L’impatto della gig economy sul mondo del lavoro (e non solo)

A cura di Sara Rossi e Michele Donvito, junior associate di Rödl & Partner*
L’espressione gig economy, in italiano ribattezzata “economia dei lavoretti”, è stata coniata per trovare una definizione comune a diversi fenomeni influenti sul sistema economico e sul mondo del lavoro, identificabili come diretta conseguenza dell’innovazione tecnologica e della crisi economica che hanno caratterizzato l’ultimo decennio. Ma quali sono le principali ripercussioni della gig economy sul mercato e sul diritto del lavoro? Quali sono le criticità, i vantaggi e i possibili sviluppi futuri? L’espressione “Workers on tap”, coniata dall’Economist per racchiudere le due diverse espressioni della gig economy – il Crowdworking e il Work-on-demand attraverso le App – rende molto bene l’idea della forza lavoro richiesta: “just-in-time”, da reperire in fretta, pagare solo se effettivamente utilizzata e alla quale le aziende non sono tenute a restare legate per anni.

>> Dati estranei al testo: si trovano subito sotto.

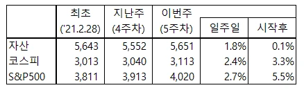 이번 주 자산은 1.8% 증가했습니다. 코스피가 3100선을 다시 상회하여 마감됐고, S&P는 4000선을 넘으며 신고가를 기록했습니다. 상승장이 지속되는 모습입니다. 비록 시장 상승률을 넘어서는 자산 상승은 없었습니다. 그래도 시장과 방향을 함께 하고 있는 것은 다행이라고 생각합니다.

Effetti positivi e criticità del Crowdworking

Come accennato, sono principalmente due le modalità attraverso le quali i gig workers svolgono la loro attività. Innanzitutto il Crowdworking, cioè la messa a disposizione su piattaforme online di incarichi molto semplici da svolgere da remoto, coinvolgendo dunque prestatori da tutto il mondo, e poi il Work-on-demand, ossia la ricerca di lavoratori, che si rendono disponibili attraverso delle App, per svolgere servizi di vario genere di persona nel mondo reale. Gli esempi di Crowdworking sono numerosi, anche se va detto che questo tipo di lavoro è più diffuso all’estero e non ha ancora una vasta diffusione in Italia. Le piattaforme più utilizzate sono Amazon Mechanical Turk e Crowdflower. Attraverso di esse compiti molto semplici, come taggare delle immagini, ma anche più complessi, come giudicare l’orientamento di un articolo online, vengono distribuiti a lavoratori sparsi per il mondo, pagati attraverso moneta virtuale (crediti Amazon o PayPal).
Questo fenomeno ha notevoli effetti positivi. Per esempio dà la possibilità a persone, che a causa di una disabilità non possano lasciare la propria casa, di rimanere attive guadagnando delle piccole somme di denaro e permette a soggetti che si trovano in zone economicamente depresse di accedere a un impiego. Iniziative di Crowdworking come l’App Give Work hanno permesso addirittura ai profughi dei campi per rifugiati in Kenya di lavorare online, restituendo loro la possibilità di provvedere alla propria famiglia.
Dall’altro lato, questo tipo di attività ha anche numerose criticità: i prestatori di lavoro vengano pagati molto poco; non esiste un diritto di associazione, problematica acuita dal fatto che i prestatori siano sottoposti a una malsana concorrenza tra lavoratori a livello globale; mancanza di trasparenza nella gestione delle recensioni dei clienti, che amplia il rischio di discriminazione. Uno dei più rilevanti motivi di critica verso queste attività, tuttavia, riguarda gli aspetti di salute e sicurezza sul lavoro. Infatti, dovendo competere con numerosissimi altri utenti per guadagni minimi, i crowdworkers non saranno incentivati a procurarsi costosi strumenti a salvaguardia della propria salute, come ad esempio sedie e tastiere ergonomiche, o ad assicurarsi i momenti di disconnessione necessari per il mantenimento di una buona vista.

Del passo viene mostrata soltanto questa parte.